0
votes

I'm using an ST32F401RE (ARM Cortex -M4 32-bit RISC) and was curious about the following.

Normally instructions on a 32 bit ARM can be 2 byte or 4 byte long. I accidentally jumped in-between a 2 byte instruction and the Microprocessor instantly went into an infinite Error Handler loop afterwards.

I later tested this and jumped on purpose in-between a 4 byte and 2 byte instruction and the Microprocessor would always go into the Error Handler.

I used the following c code to jump into Memory Adresses.

void (*foo)(void) = (void (*)())0x80002e8;
foo( ) ;

The Adresses for functions and instructions are from the Disassembly. The Compiler used the following assembler instruction after storing the adress in r3.

blx     r3

Question: How exactly can the Microprocessor tell that it didn't start at the beginning of an instruction but actually started in-between one?
Especially in case of the 16 bit thumb instructions which are already pretty cramped.

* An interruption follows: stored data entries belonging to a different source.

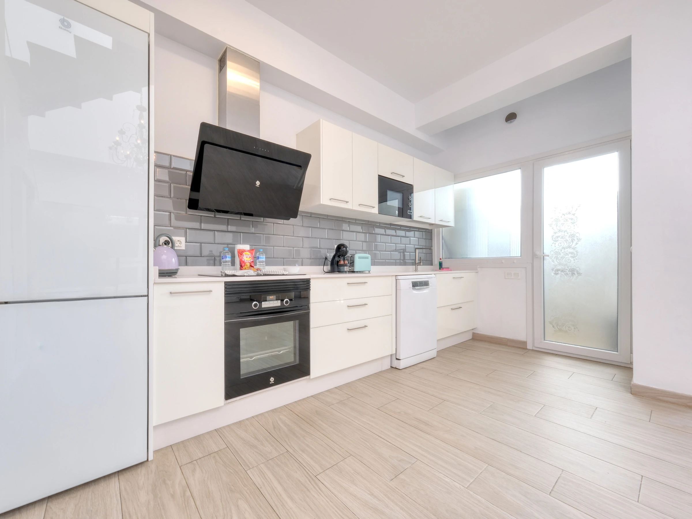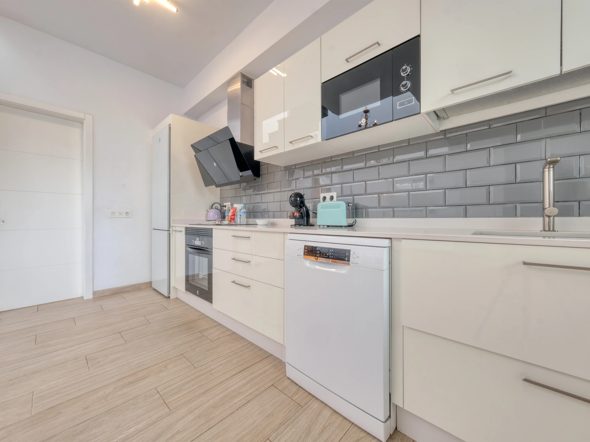 Die Einbauküche ist komplett ausgestattet mit Glaskeramikkochfeld, Backofen, Mikrowelle, Geschirrspüler, Kühlschrank, Gefrierschrank, Kaffeemaschine, Toaster, Wasserkocher und vollständigem Geschirr, damit Sie mit vollem Komfort kochen können.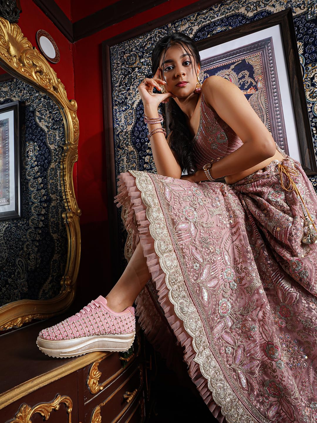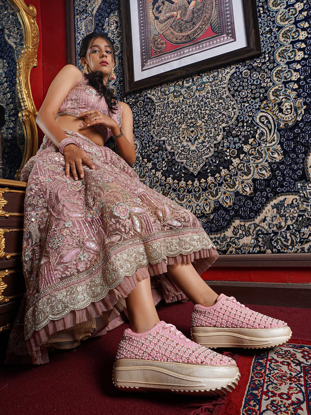 Our Women’s Wedding Sneakers are the perfect blend of bridal elegance and all-day wearability. Designed for traditional & modern brides, bridesmaids, or wedding guests who want to dance the night away, these sneakers pair beautifully with lehengas, gowns, dresses, and reception looks.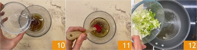 Thin the sauce with water 10 and mix 11, then set the dressing aside. Move on to cooking the vegetables: in a pan, heat the seed oil and add only the endive stalks 12.

I have multiple guesses but want to know what exactly is going on.

1
It's not clear from your question exactly how you "jumped". Have you looked up the relevant instruction in the ARMv7-M Architecture Reference Manual and read the description? - Michael
void (*foo)(void) = (void (*)())0x80002e8; foo (); this will always crash on a Cortex-M, as the address is even, indicating that the target instruction set is ARM (A32), which the Cortex-M don't support; but the blx instruction (x = exchange) requests the switch to ARM. You have to set the lowest bit in the address to indicate a jump to a Thumb instruction, or use the bl instruction (without exchange). - Erlkoenig
@Erlkoenig I also used the c goto when i tested this. It makes sense now, why the compiler added the orr.w r3, r3, #1 line. - negatic
Indirect go-to is a GCC extension anyways... Jumping to arbitrary addresses directly from C is always problematic. Better avoid it, or perhaps use (inline) assembly. - Erlkoenig
Maybe something like __asm__ volatile ("blx %[fun]" : : [fun]"r"(0x80002e9) : "memory"); so you can directly control how the call/jump works. The address can be any C expression that yields a 32bit value. - Erlkoenig

1 Answers

1
votes

Normally instructions on a 32 bit ARM can be 2 byte or 4 byte long.

Only for Thumb2; on Thumb they are all 2 bytes, and on ARM ("A32") mode they are all 4 bytes.

Question: How exactly can the Microprocessor tell that it didn't start at the beginning of an instruction but actually started in-between one?

It can't. If the 2 upper bytes of a 4-byte instruction happen to form a valid 2-byte instruction and you jump there, it will be executed as such. In your case, these upper 2 bytes probably were all invalid instructions, resulting in a fault exception.

For example, the program

.code 16
.syntax unified

test4byte:
    mov.w r0, #0x88000000
    
test2byte:
    ands r0, r1

will be assembled into

00000000 <test4byte>:
   0:   f04f 4008   mov.w   r0, #2281701376 ; 0x88000000

00000004 <test2byte>:
   4:   4008        ands    r0, r1

or as a byte-wise hex dump

4f f0 08 40 08 40

As you see, the sequence 08 40 occurs twice - both as the upper 2 bytes of the mov.w and as the ands instruction, both of which are identical. So, the processor has no way to tell these apart.

In a program that just contained the shown mov.w instruction, if you jumped to address 0, the mov.w would be executed; if you jumped to address 2, an ands would be executed, even though it doesn't appear in the assembly code.